Quando Marx criticava i «censori» dell’arricchimento
Il filosofo di Treviri spiegava che era futile prendersela con l’avidità dei banchieri e l’egoismo degli speculatori e invitava a non confondere l’economia con la morale
di Massimo Adinolfi (l’Unità, 19.01.2012)
E se, dopo aver capito che la ricetta reaganiana non funziona, e che non è vero che lo Stato sia sempre il problema piuttosto che la soluzione - se non altro perché allo Stato si è chiesto di salvare con migliaia di miliardi il sistema bancario americano - se ora che la crisi ha investito i debiti degli Stati europei dovessimo chiederci se non occorra essere più radicali? E domandare, a proposito del capitalismo, se anch’esso non sia il problema, invece che la soluzione?
Troppi «se», si dirà. Ma davvero sarebbe un bel guaio, perché di risorse intellettuali per misurarsi con un simile problema non ce ne sono molte, in circolazione. Non si vorrà mica tirare in ballo un’altra volta Marx? Certo lui qualche parolina l’ha detta, provando per esempio a sostenere che le crisi non sono eventi più o meno accidentali, ma fasi strutturali del funzionamento dell’economia capitalistica. Come si fa però a riprendere un’analisi del genere, se persino il termine, «capitalismo», è scomparso dal dibattito? In verità, la parola sta di nuovo facendo capolino, e il solo fatto che la si torni a usare indica perlomeno che il problema c’è: la fede nelle virtù taumaturgiche del mercato si è indebolita; indebolita è pure la convinzione che il mercato rappresenti sempre il miglior sistema di allocazione delle risorse; fragilissima è ormai la presunzione che alla politica spetti solo il compito di correggere le distorsioni del mercato.

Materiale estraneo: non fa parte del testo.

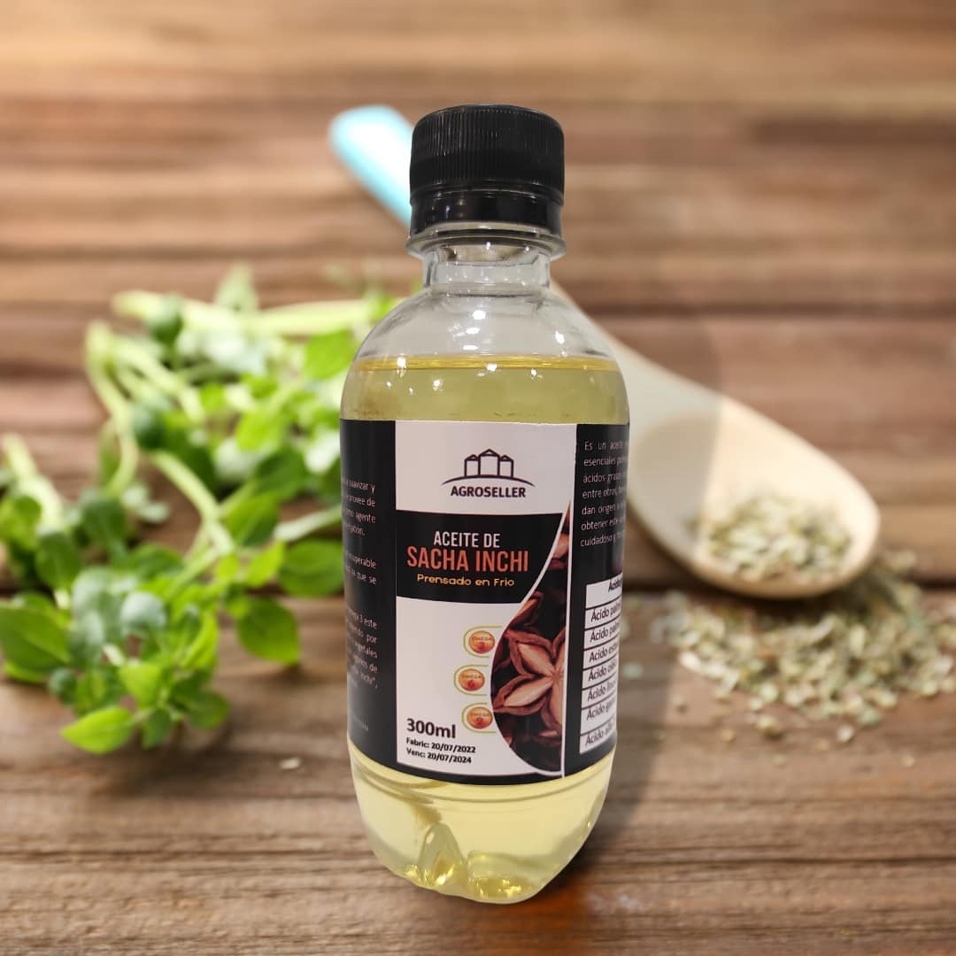 Aceite extra virgen natural de Sacha Inchi prensado en frio, para uso Cosmético y Gourmet.
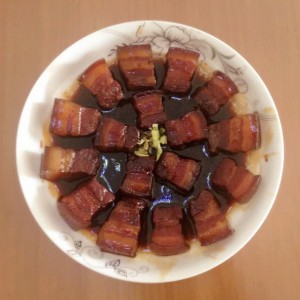 冰糖一块。调料以没过肉为佳;若不足,则各调料按比例掺水与料酒加入
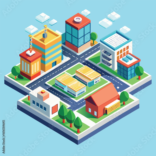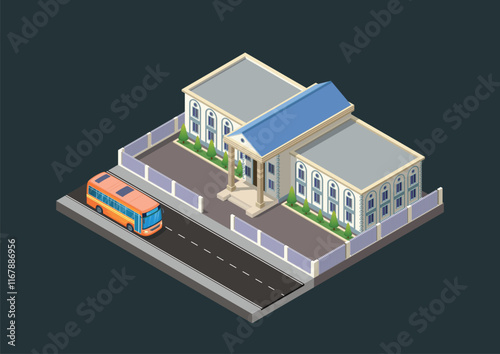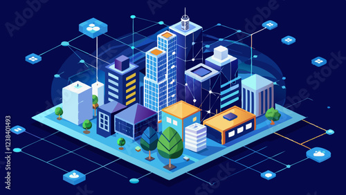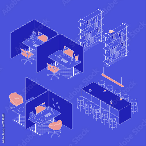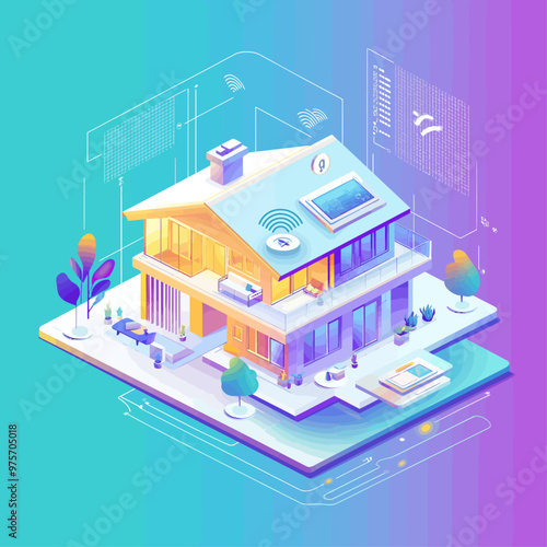 Векторный плоский 3d-изометрический дом с комнатами в разрезе. Детализированный современный интерьер дома с мебелью и бытовой техникой. Иллюстрация концепции умного дома.
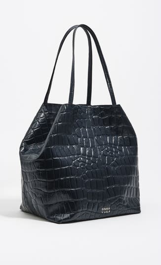 Large leather shopper bag with double shoulder straps, silver metallic BIMBA Y LOLA logo, interior pocket, and lobster clasp closure.
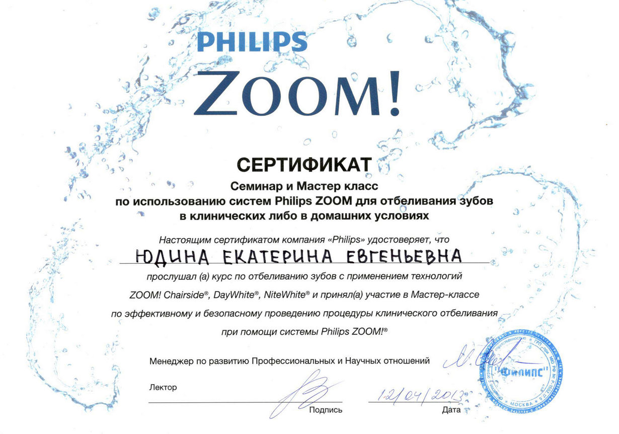 2013 г. — курс по отбеливанию зубов по технологиям Discus Dental, Day White, Nite White, Zoom. Эффективность и безопасность этой процедуры
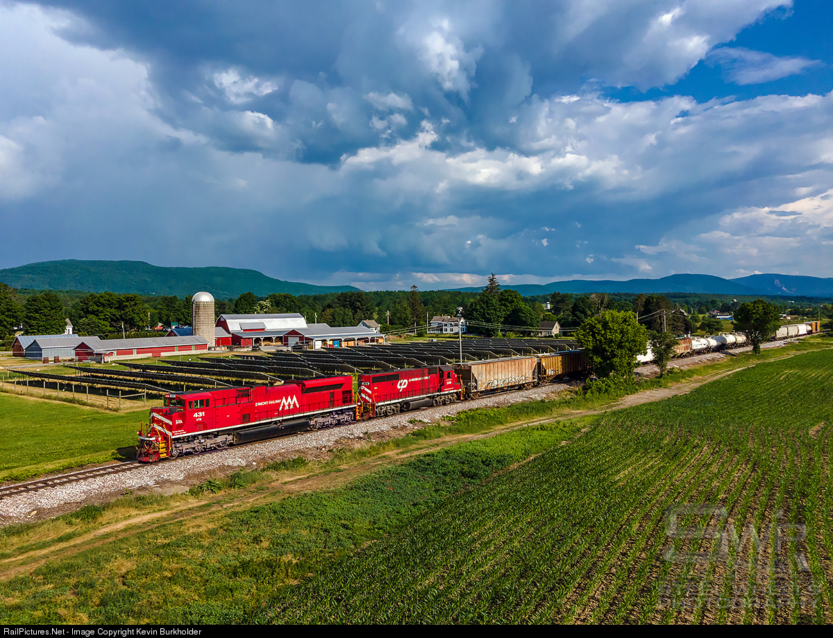 Vermont Railway’s Hoosick Jct., NY to Rutland, VT train HJRD-23 is rolling through North Clarendon, VT as thunderstorms accumulate over the Green Mountains. The HJRD is led by VTR SD70M-2 431 and CLP GP40-2 306.
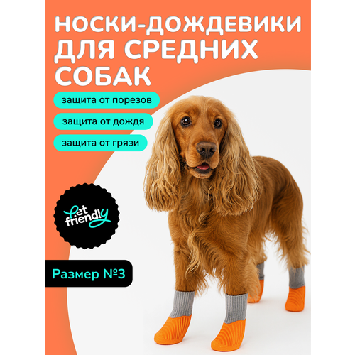 Обувь для собак средних пород с защитой от реагентов и соли, прорезиненные носки для собак с фиксаторами, размер 3 Pet friendly
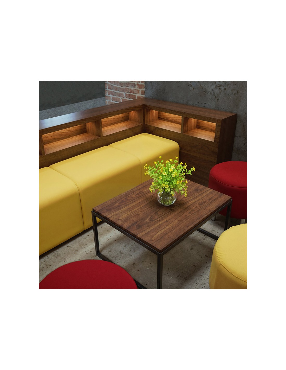 Puedes elegir entre varios colores para personalizarlo según tus preferencias. Su estructura de madera de alta calidad está recubierta de espuma para brindar comodidad, y las patas son de acero, lo que garantiza durabilidad. Además, tienes la opción de tapizarlo en diferentes acabados para adaptarlo a tu decoración. Ideal para espacios interiores.
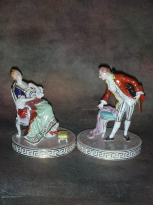 «Леди с веером и Лорд в поклоне» — пара, Германия, Почаппель, Карл Тиме /Carl Thieme/ , Высота 12 см.
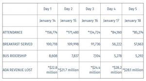 LAUSD attendance and lost revenue over the first five days of the strike. Attendance numbers are subject to change as 18 schools have yet to submit reports.

Certo, non possiamo farne solo un affare di parole. Forse, però, tornare a usare la parola «capitalismo» aiuta a individuare nodi strutturali, quelli che non vengono meno solo per il fatto che non li si nomina più. Marx era ad esempio con- vinto che la crisi si manifesta sì sui mercati finanziari, e anzi le bolle speculative la ingigantiscono oltre misura, ma comincia da un’altra parte, nella sfera della produzione: è lì che bisogna guardare. Siccome però il fenomeno della sovrapproduzione, che lui poneva all’origine della crisi, raccoglie le abbondanti ironie degli economisti mainstream, figuriamoci se proponiamo di tornare alle sue descrizioni del ciclo economico (con tanto di inevitabile crollo finale). Però, quando Marx spiega che è futile oltre che irresponsabile prendersela con l’avidità dei banchieri e l’egoismo degli speculatori, quando avvisa che non è buttandola sul piano della morale che si individuano le cause e si indicano le vie d’uscita, non sarà il caso di rimpiangere un pensiero critico altrettanto robusto? Così, se il presidente del Consiglio vola a Londra per riconquistare la fiducia dei mercati, ci si può chiedere se è di economia che stiamo parlando, o non piuttosto di psicologia?
Sentite allora Marx, quando ad esempio se la prende con la stampa: «Ora non ci chiederemo se i giornalisti inglesi, che per un decennio hanno diffuso la dottrina secondo cui l’epoca della crisi commerciali si era definitivamente chiusa con l’introduzione del libero commercio, abbiano ora il diritto di trasformarsi improvvisamente da servili panegiristi a censori romani dell’arricchimento moderno».
Che dire? A parte il fatto che oggi il problema non ce l’abbiamo solo con i giornalisti inglesi, e che di decenni di panegirici ne abbiamo vissuti più d’uno, ma non avremmo bisogno di penne altrettanto sfrontate? Perché di questo anzitutto si tratta: se il capitalismo crollerà, non ce lo manderà certo a dire, ma intanto si può auspicare un po’ più di libertà intellettuale, di intelligenza critica, di anticonformismo nel dibattito delle idee?